Only bicycles and electric bicycles are allowed on the roads. Which means that guy riding his PEV along Upper Aljunied Road was clearly breaking the law.  

Should you buy an affordable China-made PEV, or one from an established brand?

As with all electronics, you get what you pay for. While there are many models of China-made PEVs that go for half the price, you also get approximately half of everything else. That means it might not be as well designed, have lower range, or not be as reliable.

Dale adds: “It boils down to quality assurance, which we feel is key given you have your entire self on it, travelling at a good 25km/h - 30km/h. The last thing you want is for something to happen to the structure, which can cause the user to be hurt. The brands we carry at Falcon PEV have a high standard of quality control checks recognised by international standards. An example will be the Israeli INOKIM / MYWAY eScooter which took the designer 4 years to develop.

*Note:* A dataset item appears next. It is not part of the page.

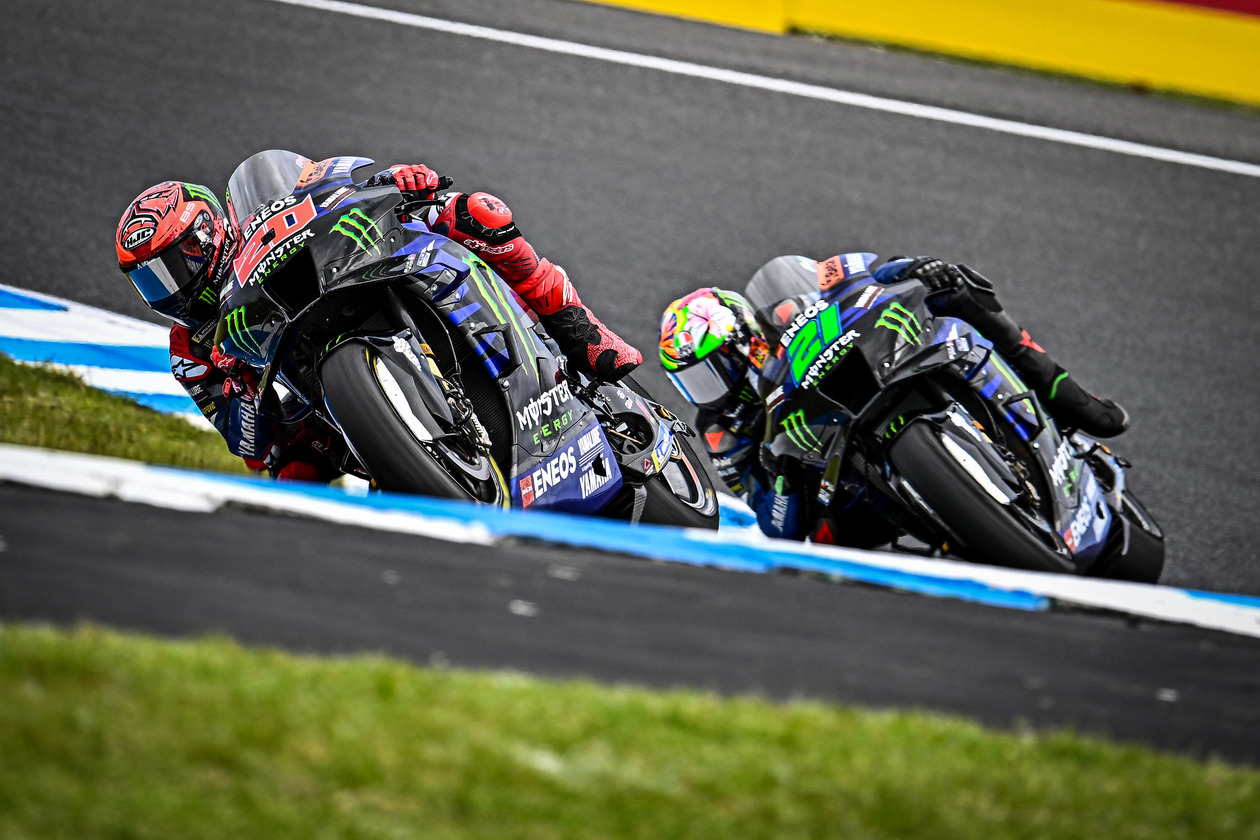O Grande Prêmio da Austrália de MotoGP, na 16ª etapa da competição, foi realizado no sábado (21) devido às previsões de mau tempo para domingo (22), e foi um desafio para Fabio Quartararo e Franco Morbidelli. A dupla da Monster Energy Yamaha MotoGP terminou a prova de 27 voltas em 14º e 17º lugares, respectivamente. Ainda por conta da má condição climática, a Corrida Sprint, que já havia sido transferida para domingo, acabou cancelada.

An electric scooter is like a motorcycle – it runs on a motor, so a certain level of reliability has to be considered. Hence, there’s also a need for some maintenance, which a known brand will have the parts to support through an officially appointed distributor”.

Do you need to wear safety gear while riding a PEV?

25km/h might not sound like much, but it’s actually fast enough to cause injury should an accident occur. Even though it’s not a legal requirement at the monent, Dale recommends that “all riders of PEVs should put on the necessary safety gear such as helmets – an essential – wear proper footwear, and have proper safety lighting to make themselves visible. Of course, not forgetting the bell as well”.